Aux côtés de Lafarge, absorbé en 2015 par le groupe suisse Holcim, comparaîtront devant le tribunal correctionnel de Paris l’ancien PDG du cimentier, Bruno Lafont, cinq ex-responsables de la chaîne opérationnelle ou de la chaîne de sûreté, ainsi que deux intermédiaires syriens, dont l’un fait l’objet d’un mandat d’arrêt international et devrait donc être absent au procès.
Dans ce dossier, ils devront répondre du financement d’une entreprise terroriste et, pour certains, du non-respect de sanctions financières internationales.

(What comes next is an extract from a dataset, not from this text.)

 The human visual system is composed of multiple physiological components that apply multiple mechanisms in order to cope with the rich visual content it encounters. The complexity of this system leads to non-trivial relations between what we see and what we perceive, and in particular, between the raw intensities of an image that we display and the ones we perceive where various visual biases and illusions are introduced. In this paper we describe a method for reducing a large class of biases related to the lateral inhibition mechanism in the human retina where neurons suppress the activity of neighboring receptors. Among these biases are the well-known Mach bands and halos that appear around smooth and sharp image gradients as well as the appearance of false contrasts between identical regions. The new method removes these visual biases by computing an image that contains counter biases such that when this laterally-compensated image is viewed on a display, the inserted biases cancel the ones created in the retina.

Le groupe est soupçonné d’avoir versé en 2013 et 2014, via sa filiale syrienne Lafarge Cement Syria (LCS), plusieurs millions d’euros à des groupes rebelles jihadistes, dont certains, comme l’EI et Jabhat al-Nosra, classés « terroristes », afin de maintenir l’activité d’une cimenterie à Jalabiya, dans le nord du pays.

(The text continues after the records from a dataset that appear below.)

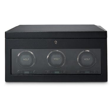 - Storage: 3 winding modules, 4pc watch storage with suspended cushions (cuff will accommodate up to 52mm case) 1 open compartment, travel case (1pc watch storage, 1 lidded compartment)
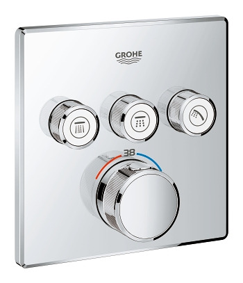 Features of the Grohe Grohtherm SmartControl (29126000) 3-outlet concealed thermostatic mixing valve: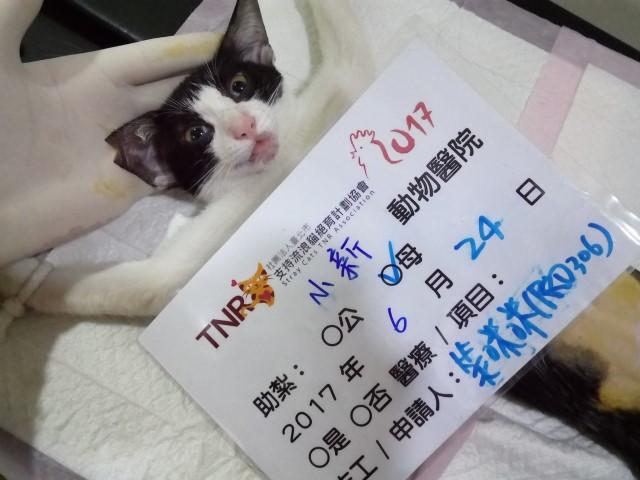 這隻黑白小母貓是前一隻全黑色母貓媽媽的小孩,上個月發現了媽媽帶了四隻小貓出來,心裏還感到非常懊惱!當時目測四隻小貓只有三個月左右,還太小不能結紮,因怕母貓又懷孕,所以趕緊抓紮了媽媽,然後就慢慢等小貓長大。但在等待的這一個月,小貓從四隻變成三隻,而且看小貓也長大了不少,心想應該趕緊抓紮了,以免小貓漸漸獨立亂跑,那不是機會越來越少嗎?所以就趁著天氣好沒有下雨,放籠抓紮了。

La société avait investi 680 millions d’euros dans ce site, dont la construction a été achevée en 2010.
Plaintes
Alors que les autres multinationales avaient quitté le pays en 2012, Lafarge n’avait évacué cette année-là que ses employés de nationalité étrangère, maintenant l’activité de ses salariés syriens jusqu’en septembre 2014, date à laquelle l’EI a pris le contrôle de l’usine.

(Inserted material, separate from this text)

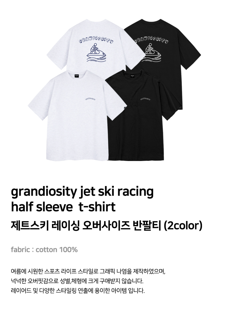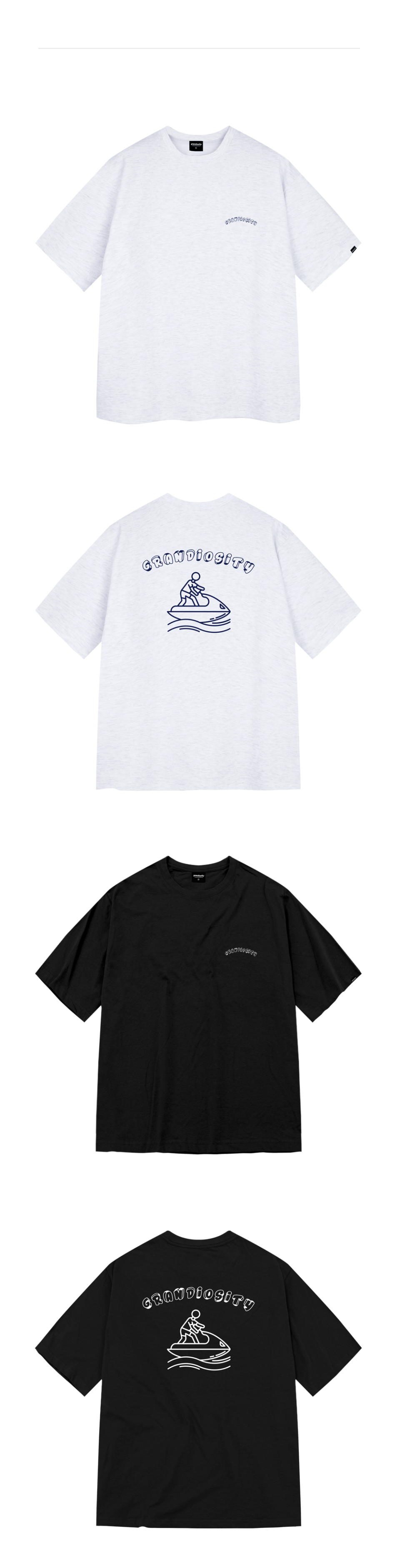 제트스키 레이싱 그래픽 오버핏 반팔 티셔츠 (블랙)

Dans ce laps de temps, LCS aurait rémunéré des intermédiaires pour s’approvisionner en matières premières auprès de l’EI et d’autres groupes, et pour que ceux-ci facilitent la circulation des employés et des marchandises.
L’information judiciaire avait été ouverte à Paris en 2017, après plusieurs révélations médiatiques et deux plaintes déposées en 2016: l’une du ministère de l’Économie pour violation d’embargo, l’autre par plusieurs associations et onze anciens salariés de LCS pour financement du terrorisme.
Le nouveau groupe, né de la fusion de 2015, qui a toujours affirmé ne rien avoir à voir avec les faits antérieurs à cette opération, avait entre-temps lancé une enquête interne.
Confiée aux cabinets d’avocats américain Baker McKenzie et français Darrois, elle avait conclu en 2017 à des «violations du code de conduite des affaires de Lafarge».
En octobre 2022, Lafarge SA avait plaidé coupable aux États-Unis d’avoir versé à l’EI et Jabhat al-Nosra près de 6 millions de dollars, et accepté une sanction financière de 778 millions de dollars.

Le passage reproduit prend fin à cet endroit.